_TASK REQUIREMENTS_. In the records below, reproduce exactly the lines from the one containing "ice cream. |" through the one containing "Funda Magnética Para", both included, and omit the pictures.

_RECORD EXTRACTS_.
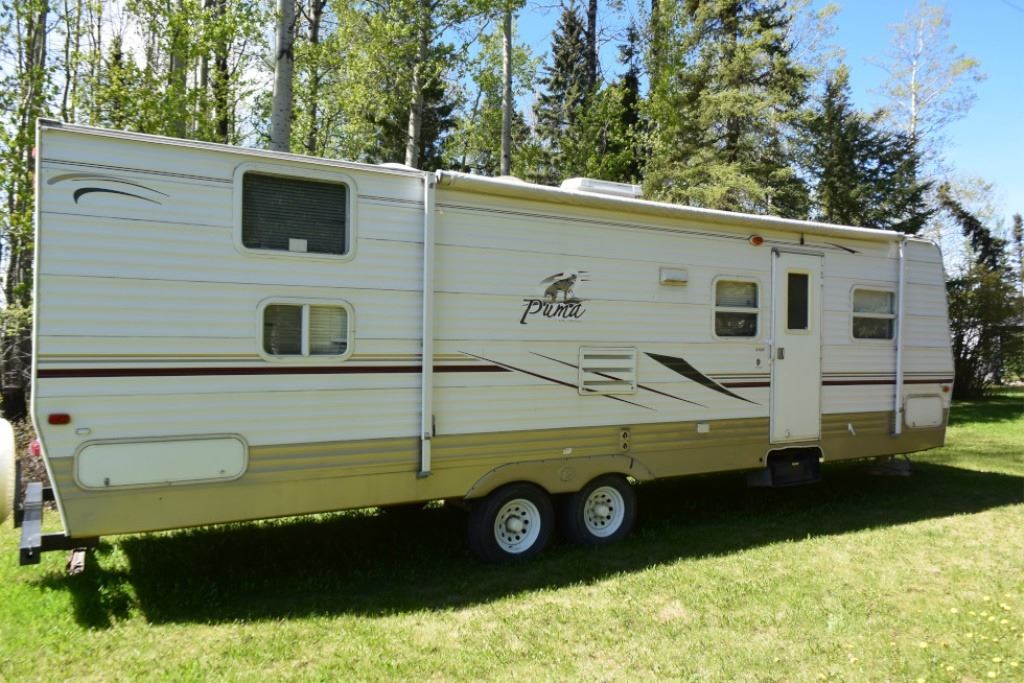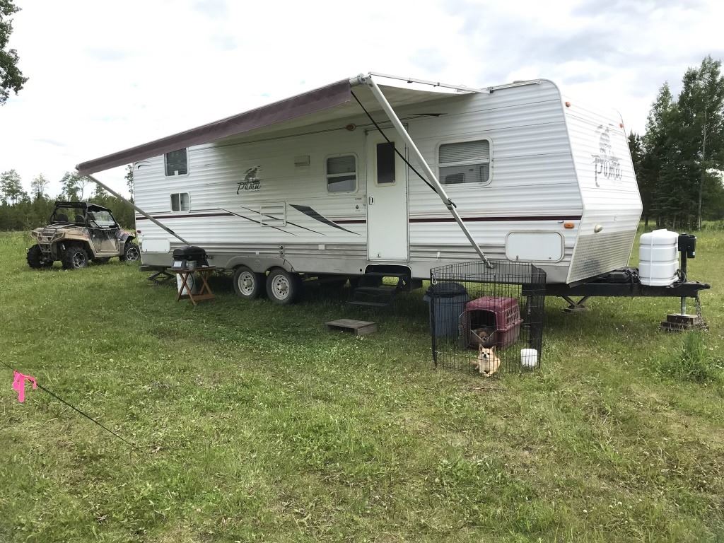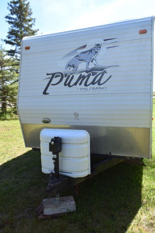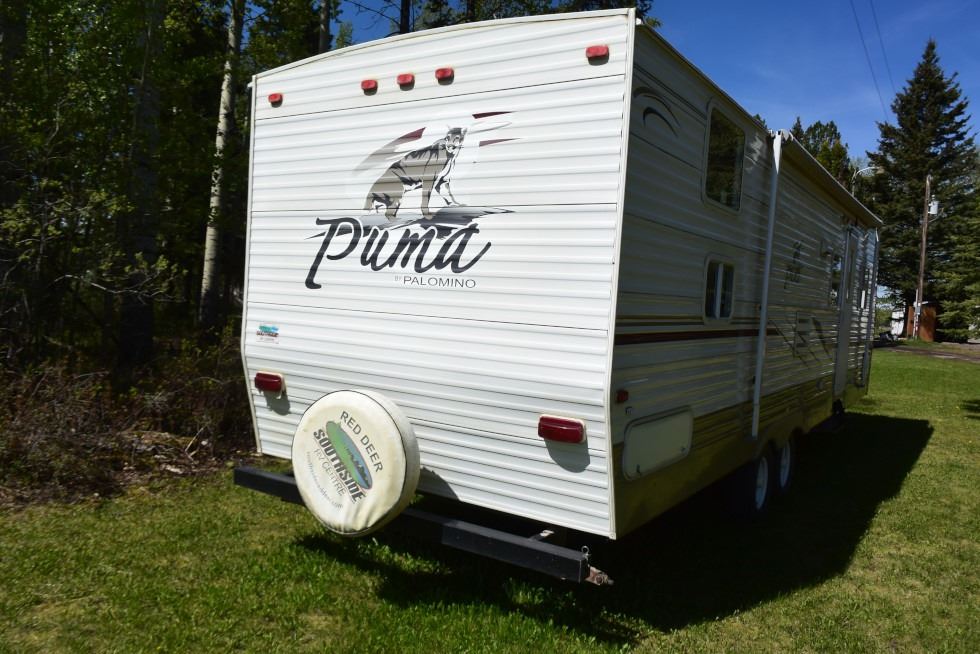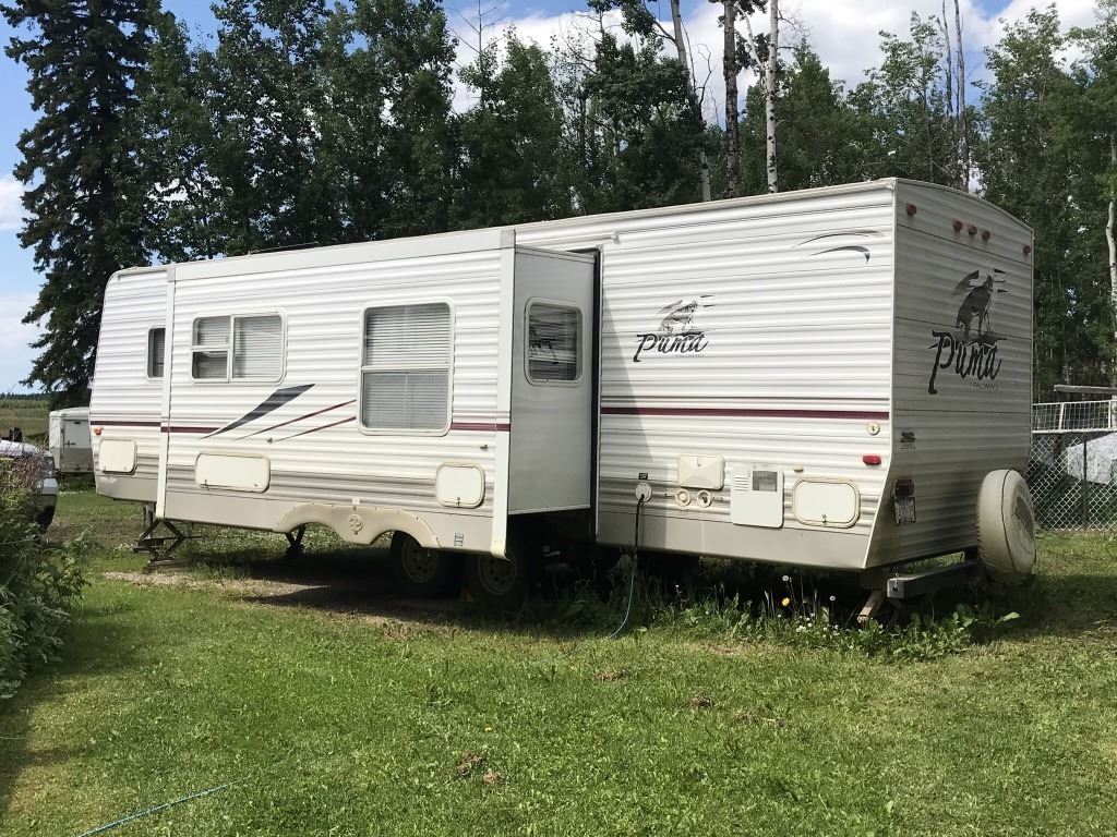 2006 Puma 30' full slide with rear bunk room. This pull trailer has amazing outside (arrows on floor plan) and inside storage. Best part is the separate front and back bunk bedrooms with doors that help seperate the
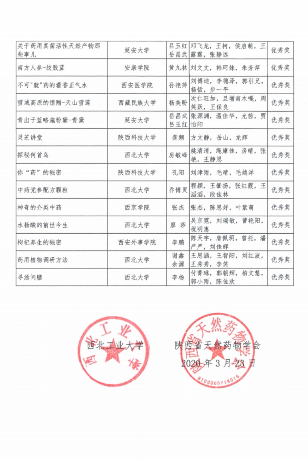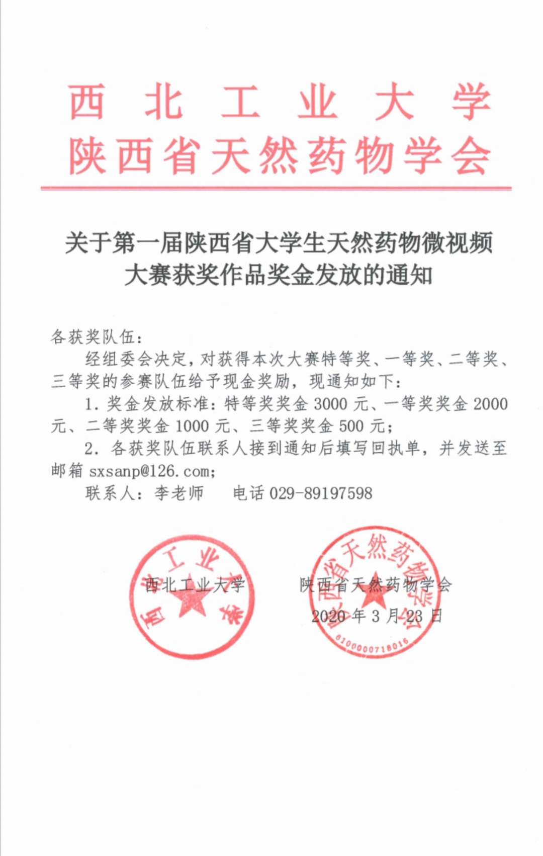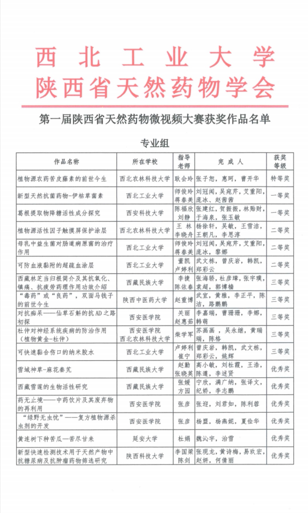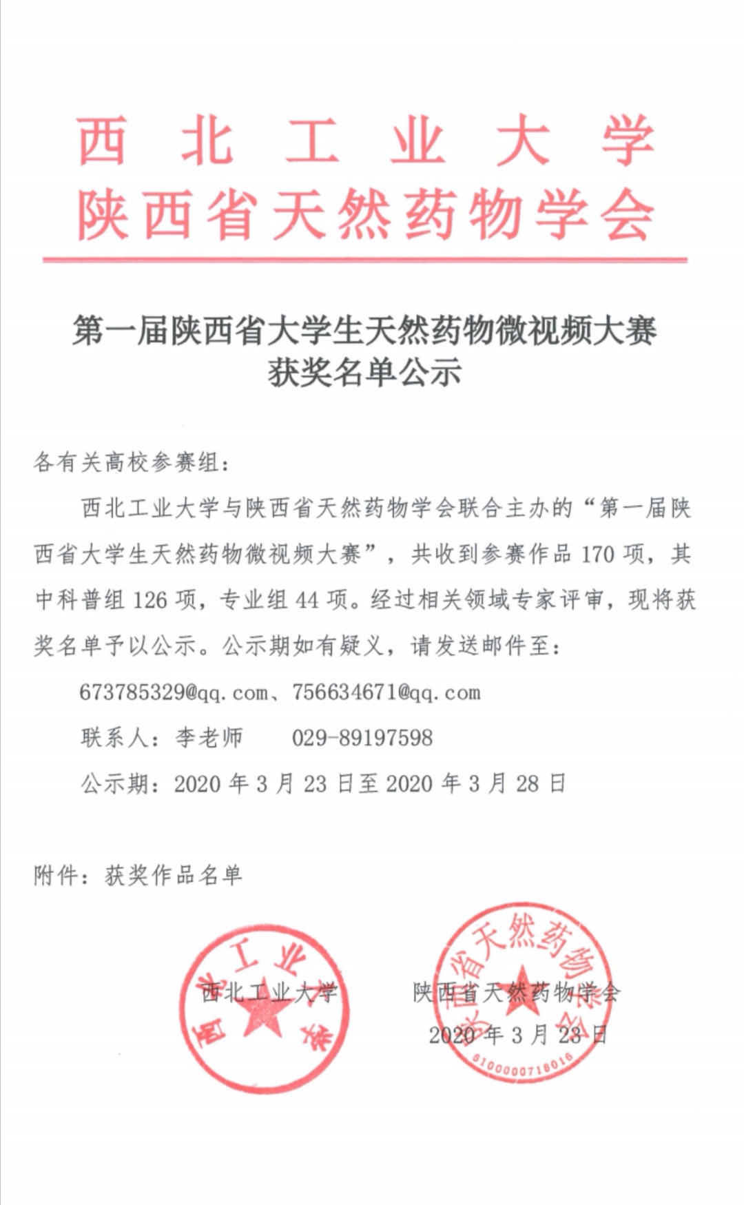 天然药物微视频大赛获奖作品奖金发放通知及获奖作品公示名单
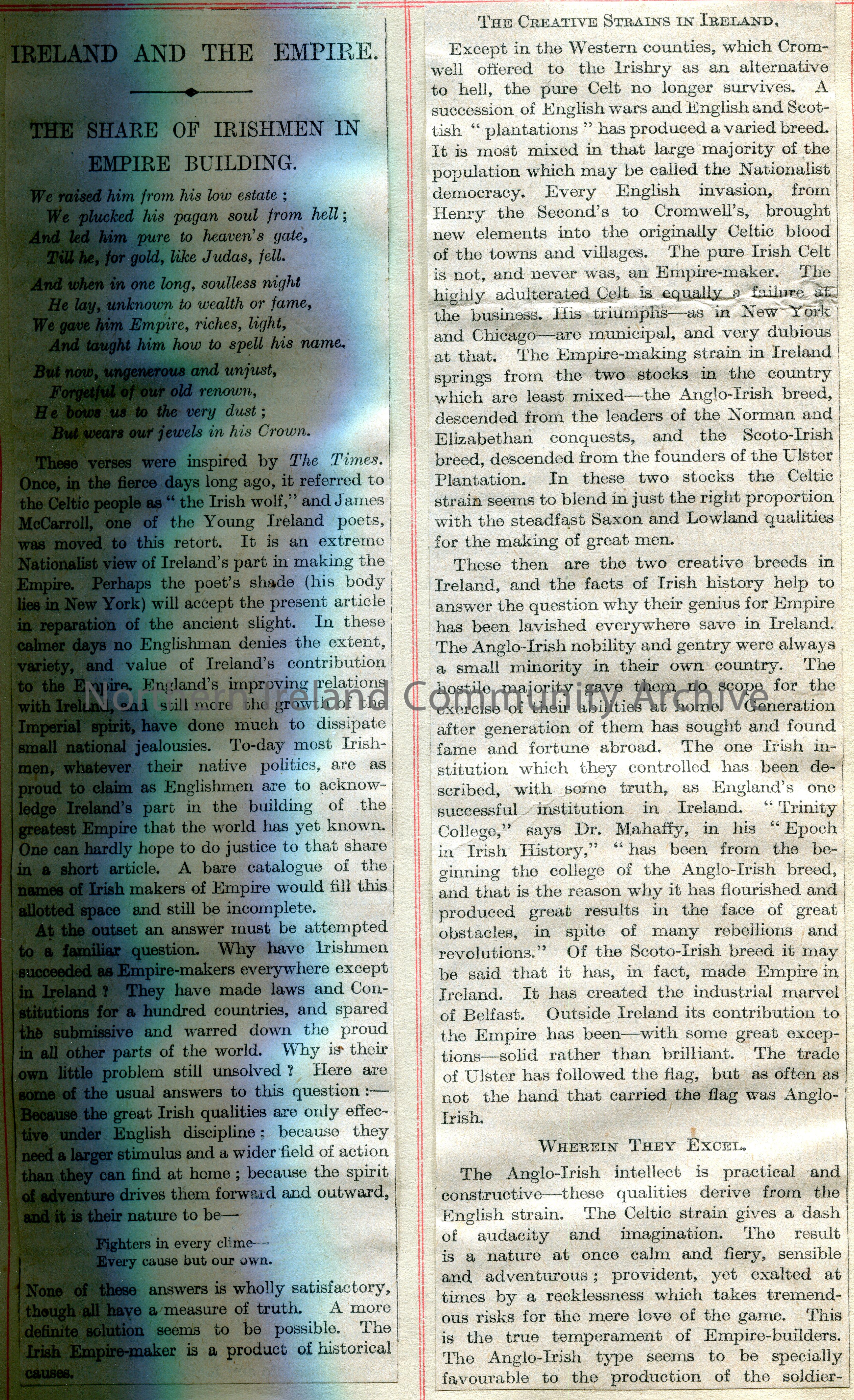 Article cut from a newspaper and pasted to page. Titled, ‘Ireland and the Empire. The Share of Irishmen in Empire Building’.
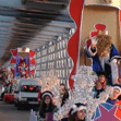 A Cabalgata estivo animada con música de grupos folcklóricos e moitos dos paxes reais empregaron un comboio turístico para lanzar as lambonadas e chuches ós nenos e nenas que se atopaban polo percorrido da mesma.
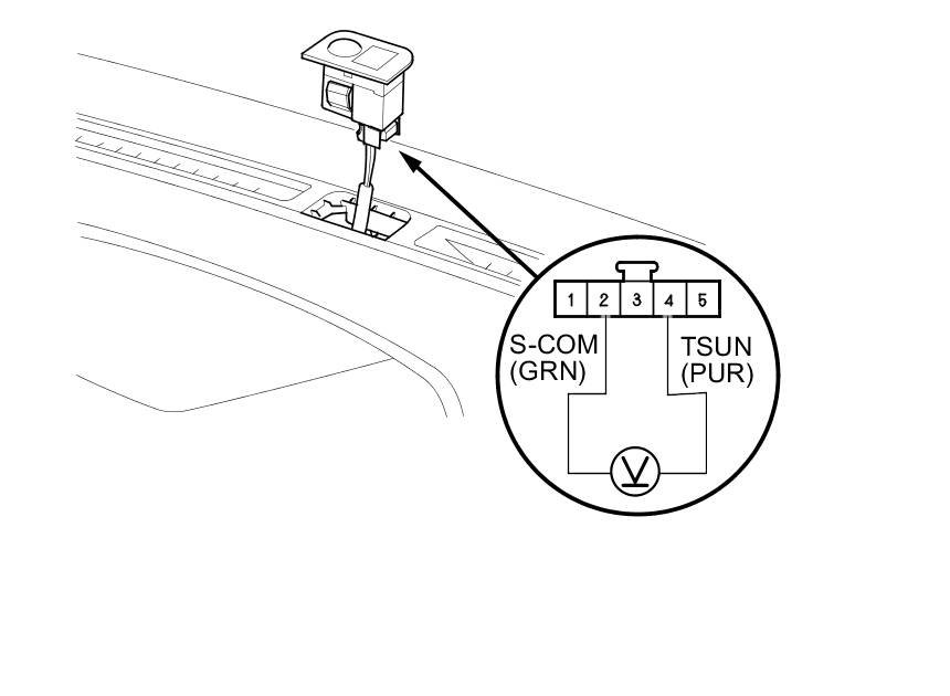 3. Turn the ignition switch to ON (II). Measure the voltage between terminals with the (+) probe on terminal No. 4 and the (-) probe on terminal No. 2 with the connector connected.
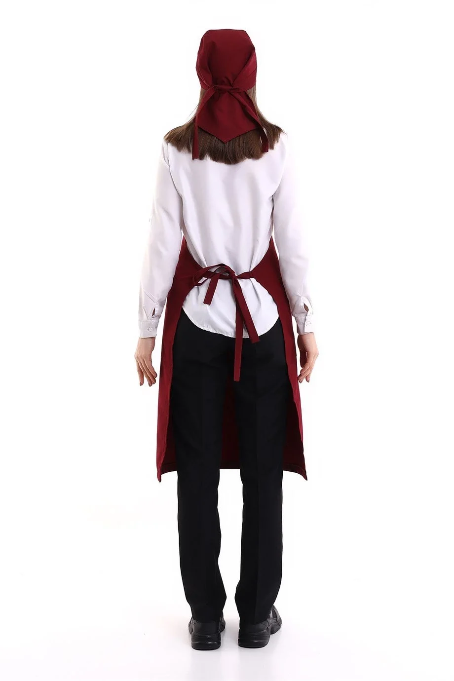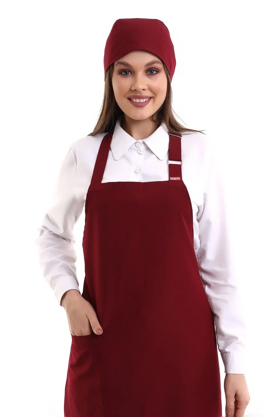 Barista Askılı Önlük Çift Cepli Deri Kemerli Bordo
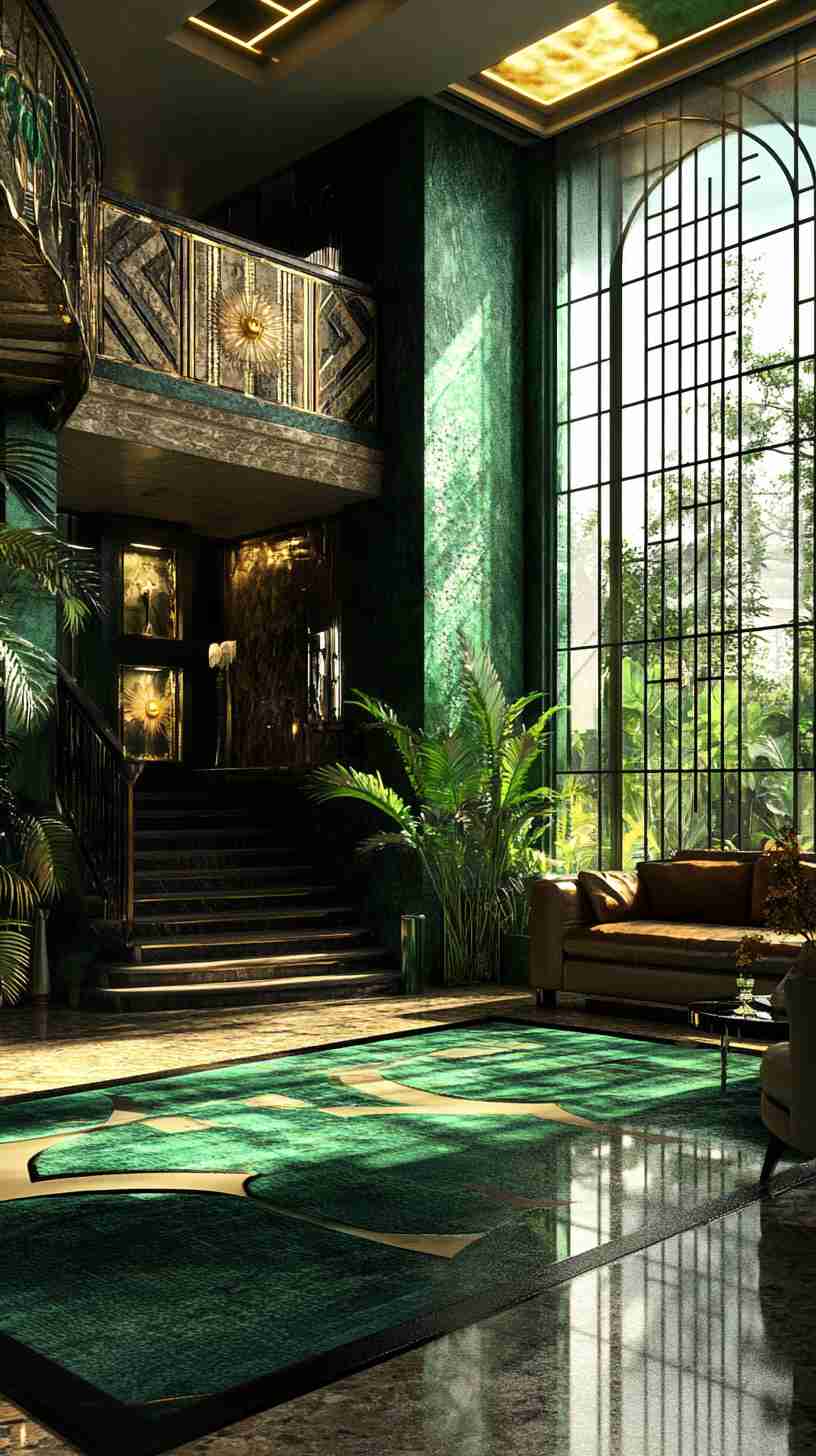 - Tropical Elegance: Incorporating palm leaves, exotic birds, and vibrant greens, these wallpapers blend Art Deco with tropical influences for a fresh, modern twist.
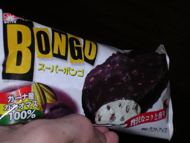 | Bongo vanilla ice cream bar covered in chocolate with nuts. There's a layer of cookie inside and little bits of chocolate cookie mixed into the ice cream. |
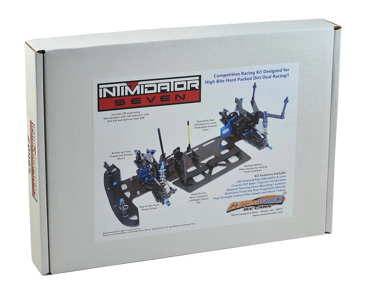 The Custom Works Intimdator 7 Gearbox 1/10th Electric Latemodel Dirt Oval Kit was developed using the DNA of race winning cars, and over 30 years of Custom Works design experience and quality. The Intimidator 7 has been improved in many areas and is highly adaptable to tracks with a variety of different grip levels.
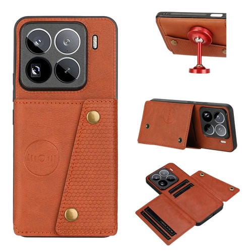 Funda Magnética Para Teléfono Con Ranuras Para Tarjetas Y Doble Hebilla Para Xiaomi 15 Pro (Marrón)
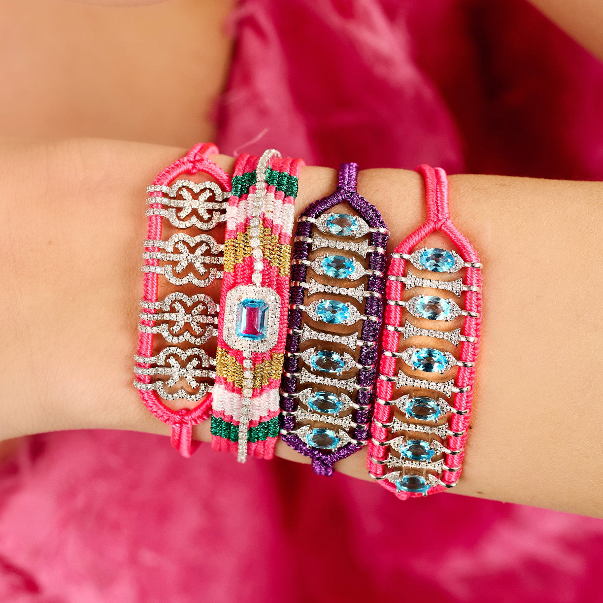 Bracelet in Iris purple lurex thread decorated with a motif in silver 925 entirely paved with moissanites and enhanced with blue Swiss topazes.
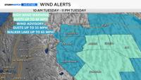 Wind Advisories are also in effect for western Nevada Basin and Range areas including Pyramid Lake, where gusts up to 45 mph are expected and lake conditions will be hazardous.Â
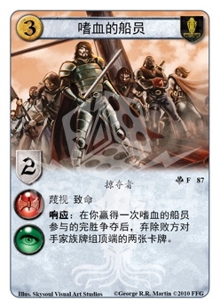 :在你赢得一次嗜血的船员参与的完胜争夺后,弃除败方对手家族牌组顶端的两张卡牌。
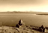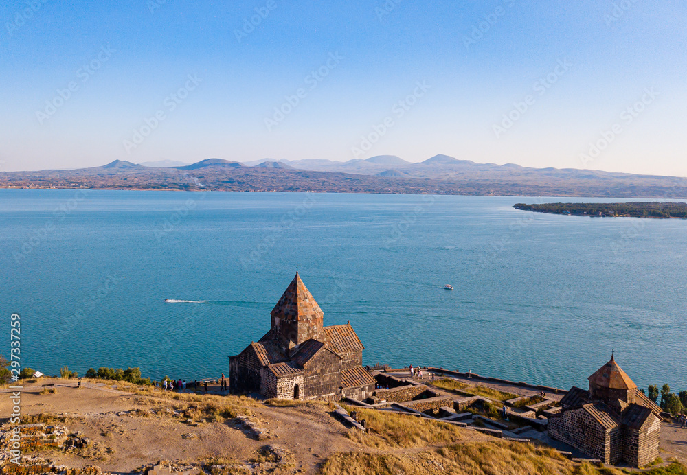Sevanavank monastery and Sevan lake from aerial view. Old Armenian architecture. Ancient church. Caucasus mountains, Armenia
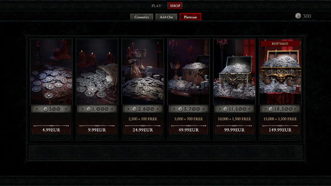 | Valute di gioco premium necessarie per effettuare acquisti in-game | Da 6 a 13 ‘Platinum’, disponibile in pacchetti da 500 "Platinum" per € 4,99 a 18.500 "Platinum" per € 149,99. |

_RESPONSE_.
 | Bongo vanilla ice cream bar covered in chocolate with nuts. There's a layer of cookie inside and little bits of chocolate cookie mixed into the ice cream. |
 The Custom Works Intimdator 7 Gearbox 1/10th Electric Latemodel Dirt Oval Kit was developed using the DNA of race winning cars, and over 30 years of Custom Works design experience and quality. The Intimidator 7 has been improved in many areas and is highly adaptable to tracks with a variety of different grip levels.
 Funda Magnética Para Teléfono Con Ranuras Para Tarjetas Y Doble Hebilla Para Xiaomi 15 Pro (Marrón)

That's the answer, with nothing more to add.